Kemelaratan | Catatan Ramadan: Ahmad Erani Yustika
“Poverty is not an accident. Like a slavery and apartheid, it is man-made and can be removed by the actions of human beings.” Kalimat bernas ini punya gema yang nyaring meski sudah amat lama dinukilkan oleh Nelson Mandela. Politik Apartheid bukan cuma menghancurkan kedaulatan bangsa, tapi juga melenyapkan kemanusiaan. Warga kulit hitam Afsel dianggap tak punya nilai sehingga bisa dinista dengan segala rupa dan cara. Seluruh sumber daya hayat diputus sehingga kehidupan mereka pupus. Jadi, kemelaratan tak jatuh dari langit. Kemiskinan bergoyang laiknya rumput kering yang disapu angin di halaman rumah.
Hati Mandela terpuruk, ia lunglai menatap kepedihan yang tak terperikan. Dia lawan sistem yang menindas. Diskriminasi mesti dihentikan. Kehormatan wajib ditegakkan. Tiap bangsa punya harga dan masing-masing orang tidak bisa dihina. Sepanjang hidupnya diabdikan untuk membangun kesetaraan warga. Tak boleh nasib manusia dikotori berdasarkan ras, suku, atau agama. Warna kulit bukan pembeda kemanusiaan, ia pemersatu keberagaman. Ia tahbiskan pikiran dan hatinya untuk membungkam kesewenangan. Mandela mendekam 27 tahun di penjara sebagai ganjaran atas perjuangan.

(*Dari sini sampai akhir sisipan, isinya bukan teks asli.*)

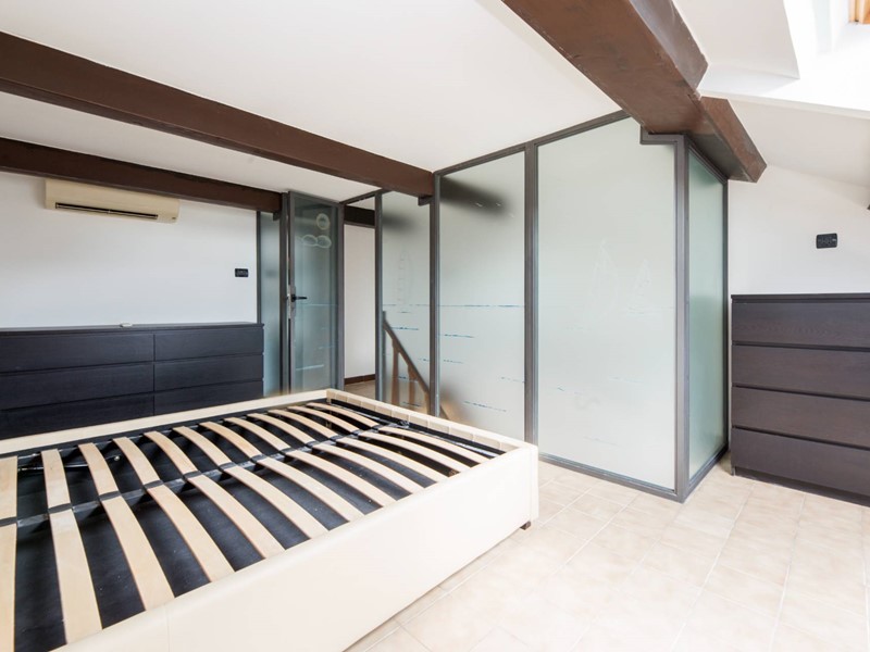 Dal lato opposto la camera da letto matrimoniale e al centro della sala la bellissima scala in legno, molto comoda con ampi scalini che conduce al piano superiore in cui troviamo la seconda camera da letto, un bagno in camera e un disimpegno molto caratteristico che può essere utilizzato ad esempio come cabina armadi.

Islam menaruh berlaksa kepedulian soal kemelaratan. Kaum muslimin pasti pernah mendengar sabda masyhur Rasulullah yang diriwayatkan oleh Abu Na’im: “Kemiskinan itu dekat kepada kekufuran.” Islam menempatkan kufur sebagai dosa yang tak terampuni, sehingga pertempuran melawan kemelaratan merupakan perang yang harus dimenangkan. Kemiskinan spiritual diselesaikan dengan iman. Kefakiran material dituntaskan lewat kebijakan. Di sinilah Islam meletakkan keadilan sebagai tiang keputusan. Nabi Muhammad Saw menyeru imam/pemimpin yang adil sebagai salah satu dari tujuh kelompok yang memperoleh lindungan Allah di hari kiamat.
Vietnam punya jejak rekam bagus dalam isu ini. Periode 2002 – 2012 pemerintah Vietnam berhasil memangkas angka kemiskinan dari 29,5% (2002) menjadi hanya 11% (2012). Ini berarti dalam 10 tahun terjadi penurunan kemiskinan sebesar 18,5% (1,85%/tahun). Mereka punya “Program 135” yang menyasar daerah pegunungan dan permukiman etnis minoritas yang tingkat kehidupannya berat. Kabupaten Banyuwangi punya impresi yang sama pula. Pada 2010 angka kemiskinan masih 20%, tetapi periode 2015 anjlok menjadi 9,2%. Salah satu yang dikerjakan Azwar Anas (Bupati) saat itu adalah memberi warga miskin desa sumber daya untuk mengolah pekarangan.
Banyak teladan lain daerah di Indonesia dan pemerintah pusat yang berupaya meluruskan kebijakan. Kemelaratan adalah produk kebijakan yang ganjil. Itu semua ciptaan manusia (struktur tak adil yang membatu di bumi), bukan takdir Sang Maha Cinta. Pemimpin terpilih adalah imam yang wajib menyebarkan keberkahan. Kebijakan (publik) menjadi mekanisme kebajikan. Kata kuncinya: kebijakan yang adil, bukan karitas yang subtil. Persis seperti hujjah Mandela: “Overcoming poverty is not a gesture of charity. It is an act of justice. It is the protection of fundamental human right, the right to dignity and a decent life. While poverty persists, there is no true freedom.”